Magician

Floating. For a moment he was the embodiment of the name he had chosen for himself. Pure, childlike joy without any pretense or notion of self-consciousness. He was joy.

Above him was a cloudless blue sky. Supporting his form was a large body of water. He listened, fascinated, to the sound of the water sloshing in and out of his ears as his head bobbed slightly with the tiny waves. At the very edge of his peripheral vision on the right he could see a wide, sandy beach. All details were lost, but he knew he was quite far out and there almost certainly was no one there to help him even if he were to call out.

But nothing was going to happen. He had a destiny. He had seen it, and drowning was nowhere in his future.

Of course there were the distressing dark periods in the future. Like small valleys in the plains, he could see both sides but he couldn't see what lay inside them, only what awaited him on the other side. And much of it made no sense at all. There was a towering city of shaped stone and gleaming metal, a tired old man who held his fate in tired hands and on the other side of one of the larger valleys . . . a shadowy woman. He could see only her form, no details he could use to identify her. No matter. She was waiting for him on the very edge of the valley and on the near side The Magician.

The Magician, he thought as a chill passed over him.

· · ·


"What about the magician," She asked softly.

In a flash Joy had passed from completely asleep to hyper-alert, crab-walking away from her again and backing himself up against one of the boulders that littered the landscape they'd been traveling across. "What?" Undirected fury clear in his voice.

"You were talking in your sleep, love," she purred and not for the first time Joy imagined what sounds she would make if he were to throw himself at her and try tearing her throat out.

She'd laugh, because I'd be a broken heap before I even got close, he thought bitterly. "He killed me, that's all. But you already knew that."

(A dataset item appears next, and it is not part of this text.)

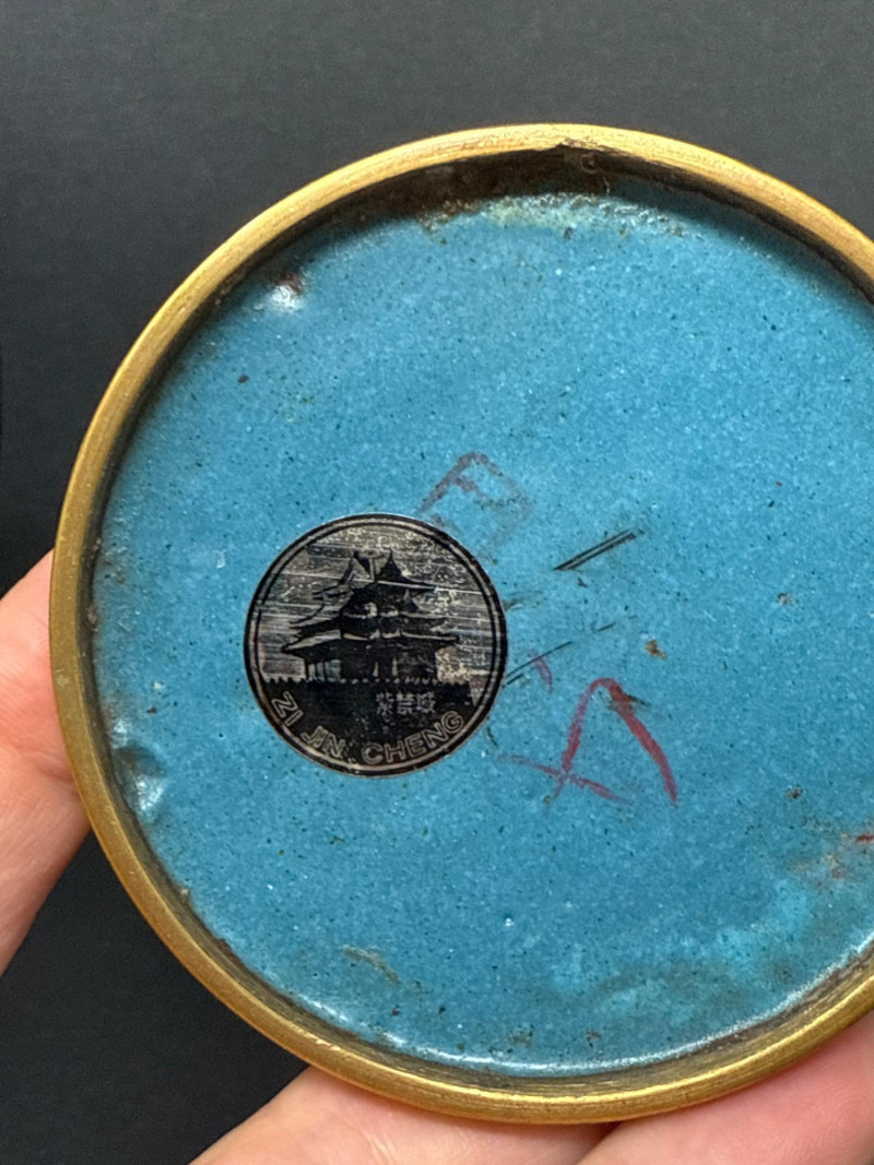 A pair of mid-20th century Chinese cloisonné enamel vases, each crafted in baluster form with flared necks, gilt rims, and bases. The bodies are adorned with intricate floral motifs rendered in rich tones of red, gold, green, and black, outlined in fine wirework and filled with enamel for a dense, textured finish. The undersides feature turquoise enamel; one vase bears a “ZI JIN CHENG” (Forbidden City) mark, affirming Chinese origin. These decorative vases exemplify traditional cloisonné craftsmanship and are ideal for display in a curated interior or collection of Asian decorative arts. Dimensions: 10.5 in. H x 5 in. W each “ZI JIN CHENG” Mark: This translates to “Forbidden City,” the imperial palace of China for nearly 500 years. Items bearing this mark often reference traditional craftsmanship associated with Beijing workshops, especially those producing decorative arts for export in the mid-20th century. Cloisonné Technique: Originating in the Yuan Dynasty and refined during the Ming and Qing periods, cloisonné involves applying enamel into wire cells (cloisons) on a metal body. The turquoise enamel base is a hallmark of traditional Chinese cloisonné, often referred to as “Ming Blue”Historical & Cultural Context

Her hollow gaze made his mask itch and it was all he could to to keep from reaching up to finger the imagined crack in the cheek. She doesn't believe me. She knows I'm not telling her everything I know and she's going to--

"We'll reach Futility today," she announced finally. Then, without another word she stood up and strode away from the miserable little camp, leaving Joy and the still-sleeping form of Pop-top alone.